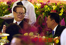 圖片:江澤民同何厚鏵親切交談 2000年12月19日 21:16 ![]() 國(guó)家主席江澤民在慶祝澳門回歸一周年晚宴上同行政長(zhǎng)官何厚鏵親切交談。中新社傳真  宗金柱 攝
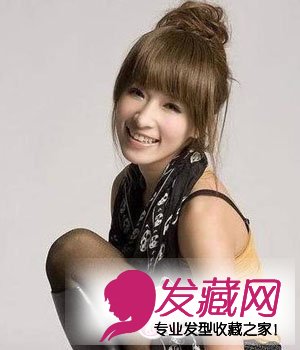 齐刘海+丸子头 经典的丸子头造型,非常适合年轻MM的盘发发型。当然了,如果想装嫩的话,那这款发型绝对是不二选择啦!高高扎起的蓬松丸子头,把小女生的俏皮和活泼个性展现到极致。再搭配萌萌的齐刘海,十分甜美可爱,让你年年十八呦!
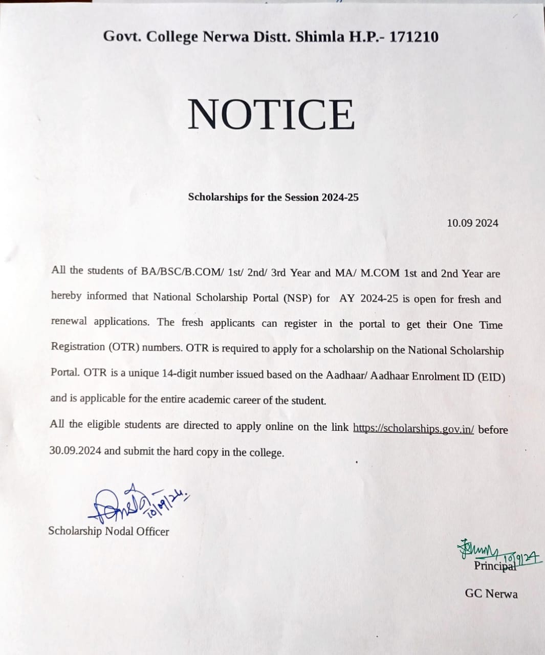 | 16 | Regarding National Scholarship Scheme | 29 September 2025 | Read Full » |

### What you will do
Repeat the data word for word. Skip the pictures.

### Solution to this problem
 圖片:江澤民同何厚鏵親切交談 2000年12月19日 21:16 ![]() 國(guó)家主席江澤民在慶祝澳門回歸一周年晚宴上同行政長(zhǎng)官何厚鏵親切交談。中新社傳真  宗金柱 攝
 齐刘海+丸子头 经典的丸子头造型,非常适合年轻MM的盘发发型。当然了,如果想装嫩的话,那这款发型绝对是不二选择啦!高高扎起的蓬松丸子头,把小女生的俏皮和活泼个性展现到极致。再搭配萌萌的齐刘海,十分甜美可爱,让你年年十八呦!
 | 16 | Regarding National Scholarship Scheme | 29 September 2025 | Read Full » |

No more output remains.